Natick also does a great deal of work on human factors that affect the combat soldier, ranging from biomechanics (with the help of state-of-the-art motion capture systems) to cognitive performance (using immersive VR to study things like how soldiers respond to sudden threats) to how well new clothing works via an obstacle course. Of course, that's hardly the only way that Natick tests clothing. There's a massive facility for flame-testing of clothing and other equipment, to ensure that military uniforms will protect their wearers if things go wrong. One mannequin has 123 heat sensors, and can either be used for static tests of clothing or run through a dynamic course of flame jets. And the tests don't stop there. Abrasion tests. Air permeability tests. Color fading tests. Water absorption tests. Static electricity dissipation tests. Tearing tests. Tests to see how it stands up to being washed. Tests to make sure it doesn't absorb chemical weapons.
Nor is Natick's testing limited to uniform clothing. Body armor. Boots. Tents. Load-bearing gear. Chemical protective suits. Ballistic glasses. Parachutes and rigging gear for airdrop of cargo and personnel. And extensive fabrication facilities that let the personnel there participate in the development of all of this. Everything from sophisticated polymer extruders and 3D printers to sewing machines and welding gear.

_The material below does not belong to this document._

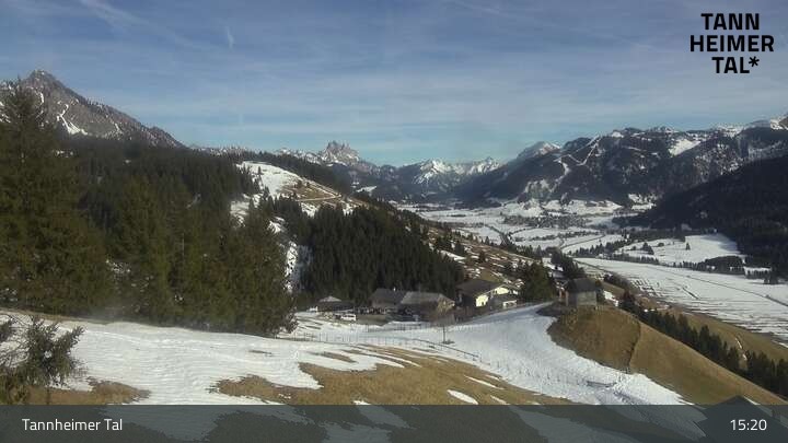 Die Webcam befindet sich an der Oberen Halde in Zöblen und blickt auf das umliegende Tannheimer Tal.

Overall, Natick is one of America's leading centers for the testing of both personal equipment and human performance in unusual environments. The full catalog of weird and wonderful facilities is much longer than I've recounted here, all of which show some tiny facet of the work that goes into making our military the best-equipped in history.
1 Trying to figure out the actual org chart at Natick requires spending way too much time staring at the worst sort of DoD administrative documentation. So I'm going to ignore it and just treat everything as falling under one roof. ⇑
Comments
That's an impressive set of facilities. Is there any program in place to share them, or research from them, with the civilian world? On the one hand it seems like something that could turn into a distraction, but on the other a lot of generally useful results should come out.
Actually, yes. Most federal facilities of this type (all three profiled so far in this series among them, IIRC) are allowed and encouraged to do work for the commercial sector when they have excess capacity. This benefits everybody because it reduces costs to the government and lets the companies tap world-class expertise.